Dividend
Summary: Cash, stocks or other bonuses paid to shareholders based on the company’s income.
A dividend is a distribution of a company’s earnings or profits to its shareholders. It can be cash, stocks, or anything else, and is paid from the company’s net income. Under Singapore’s Companies Act, a company cannot pay dividends if it isn’t turning a profit. If dividends are paid without profit, the CEO(s) or other directors who deliberately allowed this to happen could face legal charges.
Different Kinds of Dividends
- There are two main kinds of dividends:
Final Dividend – This type of dividend is announced at the company’s Annual General Meeting (AGM) with the shareholders’ agreement. The amount depends on the yearly profit after considering the company’s financial statements. Once declared, final dividends are set in stone and cannot be reduced or withdrawn. - Interim Dividend – The board of directors declares this dividend based on the company’s provisional profits before the AGM and full-year financial results are out. Although companies are not obligated to commit to this kind of payment, it’s in their best interests to stay reliable to protect their reputation and keep their investors content.

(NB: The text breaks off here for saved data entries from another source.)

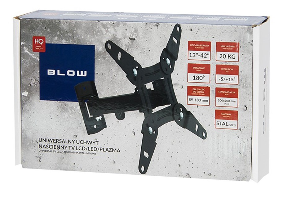 Stenski nosilec BLOW prihrani prostor v sobi in namesti vaš tv sprejemnik direktno na steno. Primeren je za zaslone velikosti 13"- 42" teže do 20 kg. Zagotavlja varno in čvrsto nosilnost za izredno majhno ceno! Z možnostjo nagiba od -5° do +15° omogoča popoln vidni kot tudi, če je TV sprejemnik pritrjen na višjem mestu ter hkrati ščiti televizor pred krajo in padci. S pomočjo gibljive roke je nosilec možno premikati za kot 180°.
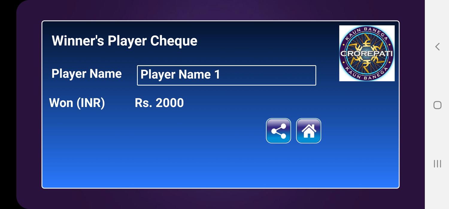 ★ This game does not represent any official tv channel and we do not provide any real cash or cheque through this game. This is a simple Quiz type game only made for purpose of improve general knowledge of our users. Drop us an email if you have any dispute.
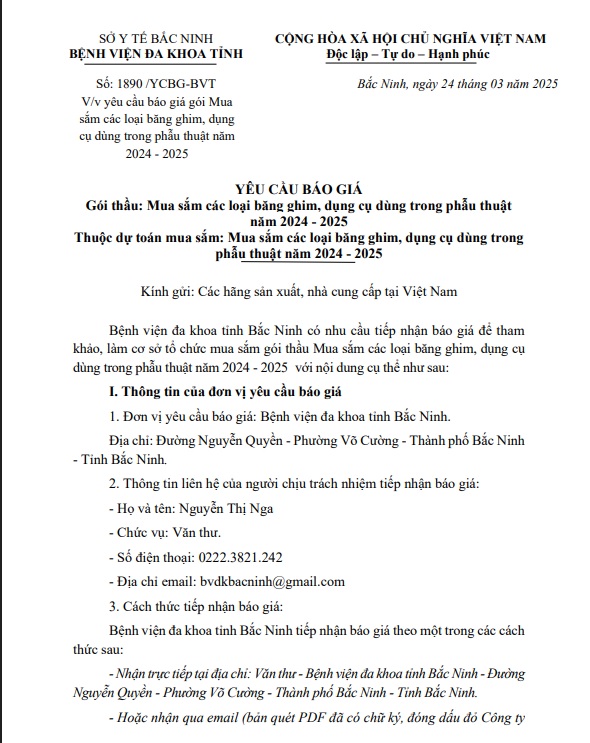 Yêu cầu báo giá gói Mua sắm các loại băng ghim, dụng cụ dùng trong phẫu thuật năm 2024 - 2025
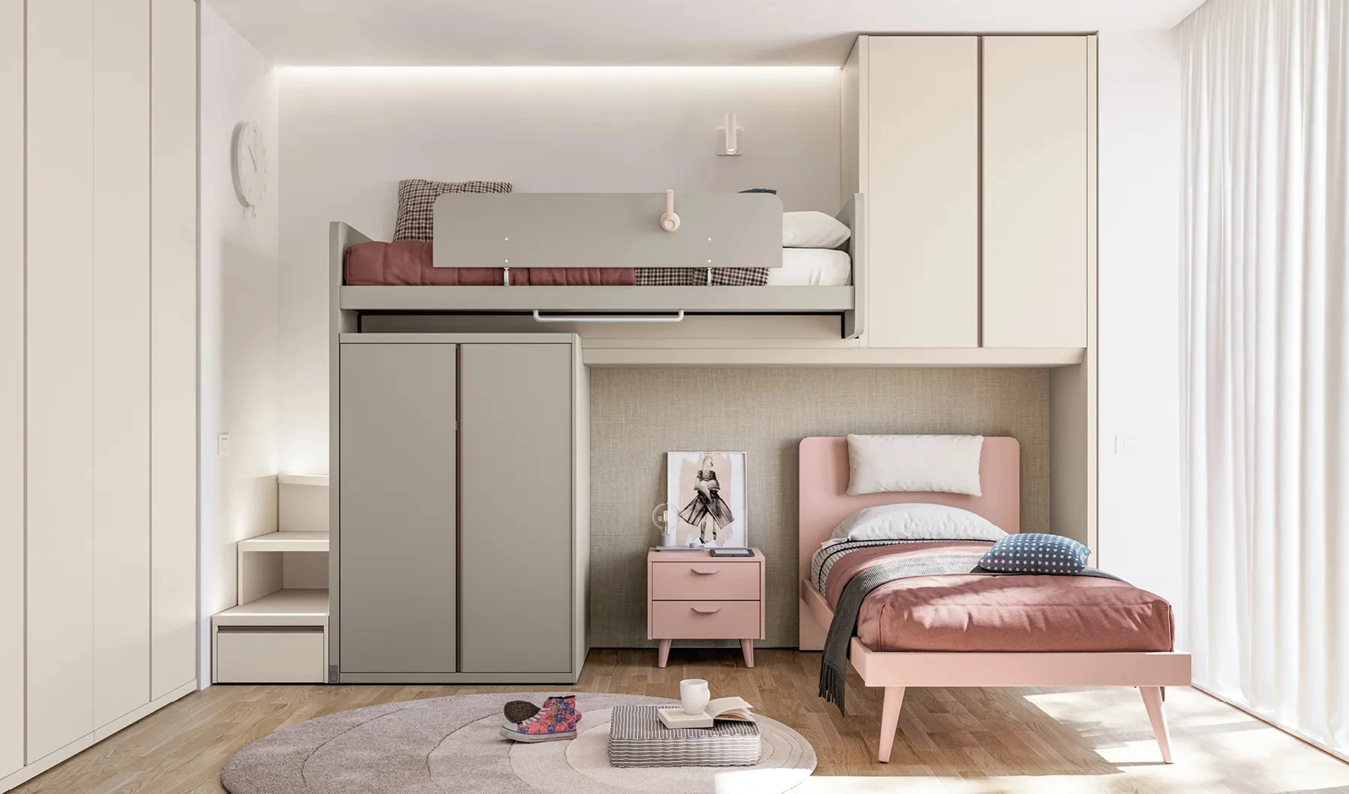Per progettare ottimamente le Camerette, Doimo Cityline presenta progetti articolati e versatili: sono tante le attività che i tuoi figli svolgono lì. Il noto marchio realizza svariate soluzioni moderne, in tal modo la cameretta diventa una stanza dove i bambini saranno contenti di crescere e riposare. Con la Cameretta Layout 15B di Doimo Cityline renderai la stanza dei tuoi figli un luogo davvero confortevole e sicuro, che li seguirà mentre diventano grandi. Questa soluzione con finitura in laccato opaco, tra quelle a soppalco per bambine di Doimo Cityline, soddisfa le esigenze degli adulti e i gusti dei piccoli.
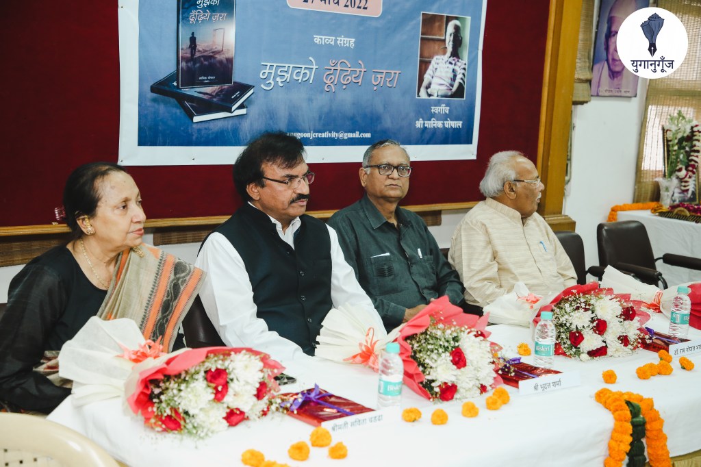 ये केवल एक पुस्तक का लोकार्पण समारोह नहीं था, आत्मा से निकली हुई संवेदनाओं की लहरें थीं जिन्होंने एक औपचारिक समारोह के सारे किनारे तोड़ दिए और सबकी आँखें एक बार नहीं, कई बार भीगीं, सबने काव्य संग्रह “मुझको ढूँढ़िये ज़रा ‘ के रचयिता, हिन्दी और उर्दू भाषाओं पर ज़ोरदार पकड़ रखने वाले, लखनऊ में जन्मे, प्रयागराज में पले-बढ़े कवि और शायर स्वर्गीय श्री मानिक घोषाल को हृदय की गहराईयों से याद किया, उनकी लिखी हुई कुछ रचनाओं का पाठ किया, उनके विचारों को आत्मसात किया।
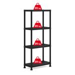 Regál obsahuje celkom 4 police s veľkou nosnosťou , ktoré unesú aj výrazne ťažšie predmety všetkého druhu. Možno ho teda využiť na skladovanie dielenského náradia či záhradníckych potrieb , kedy príde vhod na uloženie náčinia, ktoré by sa inam nezmestilo. Regál tiež môžete primontovať na stenu pre väčšiu stabilitu. Vďaka svojmu prevedeniu v univerzálnej čiernej farbe vhodne doplní každý priestor .
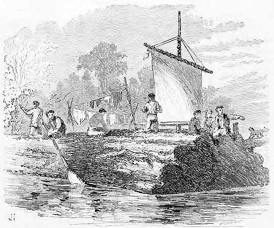 Having determined on this, they drew their craft into the darkest corner, and, making it fast to a tree, prepared to pass the time in the pleasantest possible manner.
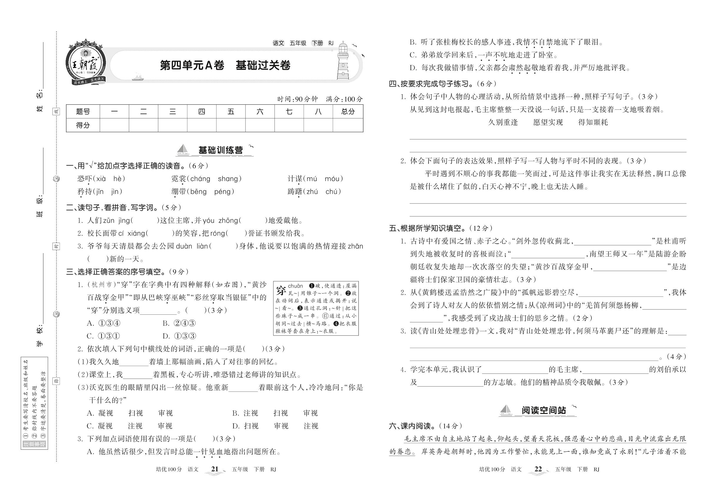 2022下册五年级语文人教版 第四单元A卷 基础过关卷

It’s worth noting that a company isn’t required by law to give dividends to its shareholders. It can reinvest the profits or save them for a rainy day. But they’re required to declare any dividends before they’re paid out.
In Singapore, dividends have no tax implications for shareholders due to the one-tier taxation system. After a company pays corporate taxes on its profit, shareholders are off the hook and don’t need to pay income tax.